# [Prompt]
All entries below are to be reproduced precisely as they stand, without the pictures.

Stored entries
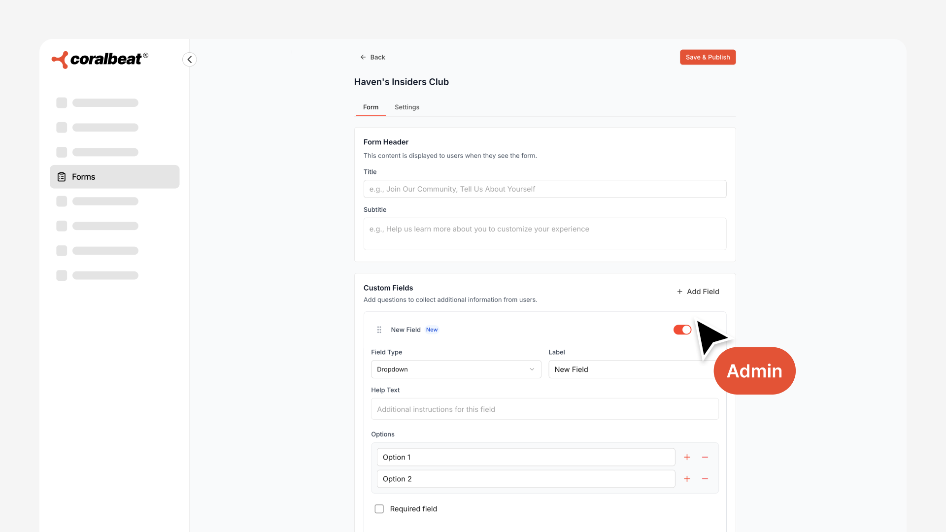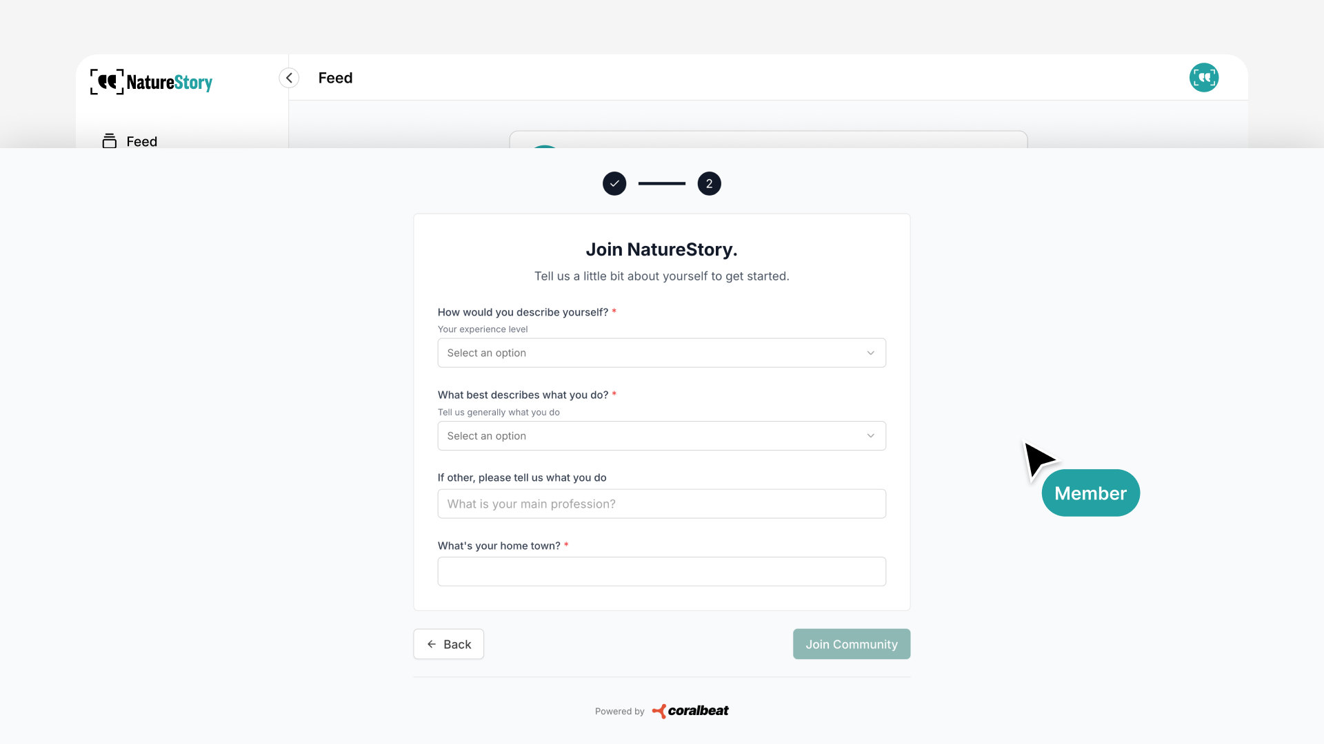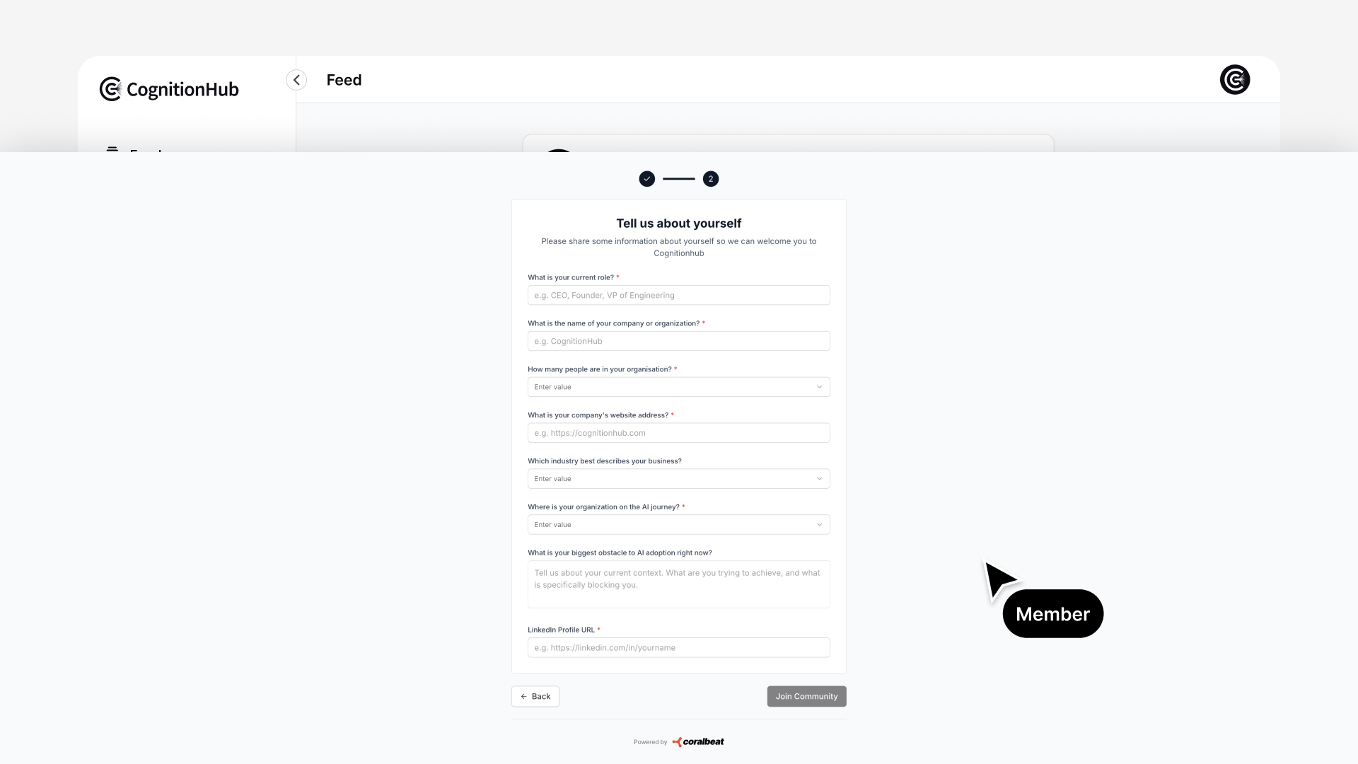 Coralbeat's custom signup forms put you in control of your member onboarding. Rather than settling for basic name and email fields, you design forms that capture the information that actually matters to your community: professional background, experience level, interests, location, or any data point that helps you understand and serve your members better.
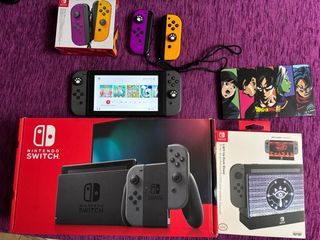 Console Nintendo Switch con accessori. - 4 Joy-Con (2 grigi) (2 viola e giallo) - Dock per Nintendo Switch. - Protezione per lo schermo. - Dock con luce LED. - Custodia di Dragon Ball Z. - Micro SD Sandisk Ultra 128 GB
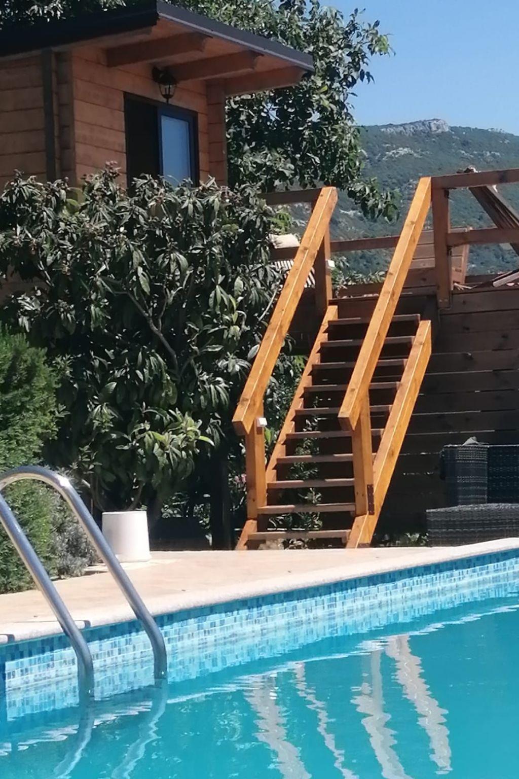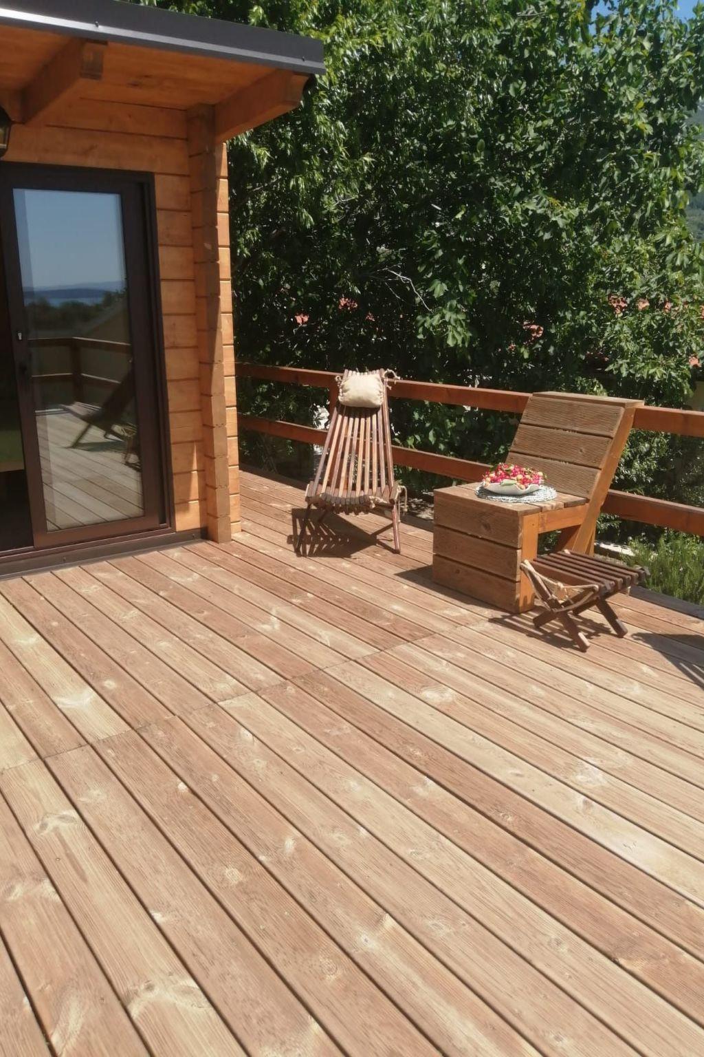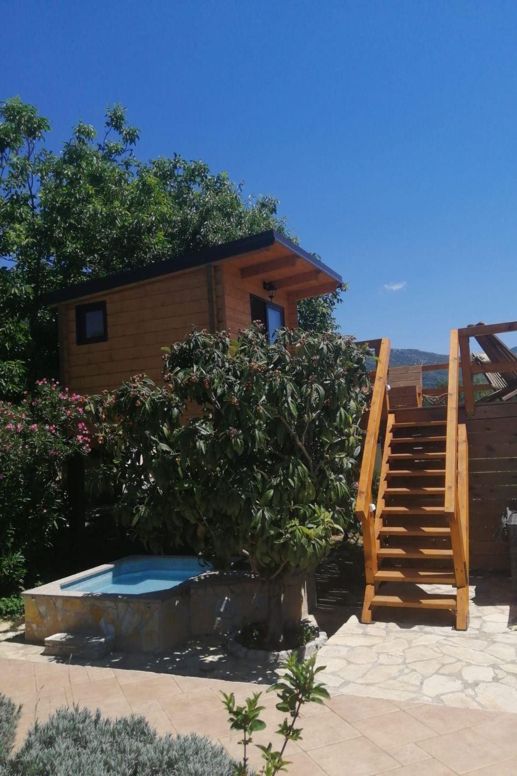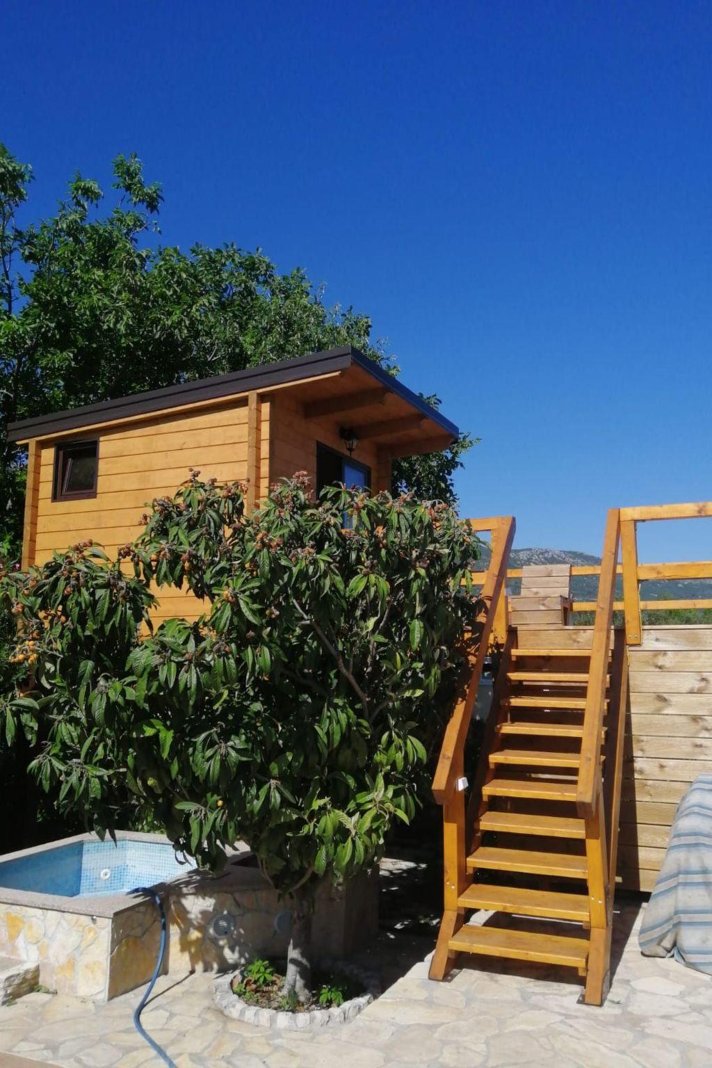 Main house consists of ground floor and first floor, covering the total living area of 116 m2. The ground floor consists of open concept well equipped kitchen and living room with access to the spacious terrace with outdoor furniture overlooking the garden and pool area, modern bathroom with bathtub and 1 bedroom with bunk beds, ideal for children. Indoor staircase leads to the first floor which consists of 1 bedroom with double bed and one bedroom with twin beds.
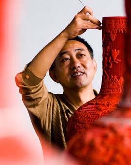 张来喜,1961年出生于扬州。中国工艺美术大师、中国漆艺委员会委员、享受国务院特殊津贴专家、全国五一劳动奖章获得者、研究员级高级工艺师、省级“非遗”传承人等。领衔复制故宫檀木龙椅,在红雕漆领域拥有三大专利作品。
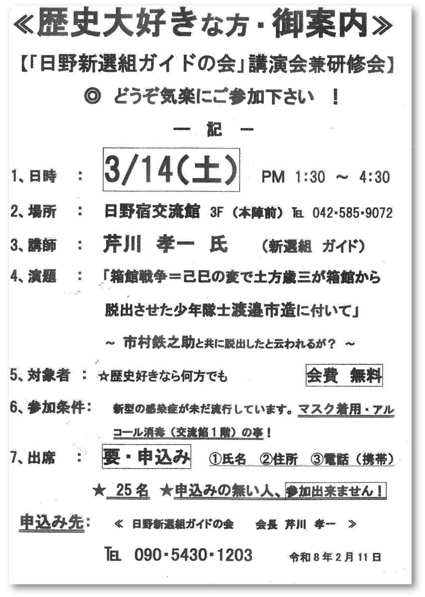 日野新選組ガイドの会による講演会が行われます。歴史大好きな方気楽にご参加下さい。

# [Completed exercise]
 Coralbeat's custom signup forms put you in control of your member onboarding. Rather than settling for basic name and email fields, you design forms that capture the information that actually matters to your community: professional background, experience level, interests, location, or any data point that helps you understand and serve your members better.
 Console Nintendo Switch con accessori. - 4 Joy-Con (2 grigi) (2 viola e giallo) - Dock per Nintendo Switch. - Protezione per lo schermo. - Dock con luce LED. - Custodia di Dragon Ball Z. - Micro SD Sandisk Ultra 128 GB
 Main house consists of ground floor and first floor, covering the total living area of 116 m2. The ground floor consists of open concept well equipped kitchen and living room with access to the spacious terrace with outdoor furniture overlooking the garden and pool area, modern bathroom with bathtub and 1 bedroom with bunk beds, ideal for children. Indoor staircase leads to the first floor which consists of 1 bedroom with double bed and one bedroom with twin beds.
 张来喜,1961年出生于扬州。中国工艺美术大师、中国漆艺委员会委员、享受国务院特殊津贴专家、全国五一劳动奖章获得者、研究员级高级工艺师、省级“非遗”传承人等。领衔复制故宫檀木龙椅,在红雕漆领域拥有三大专利作品。
 日野新選組ガイドの会による講演会が行われます。歴史大好きな方気楽にご参加下さい。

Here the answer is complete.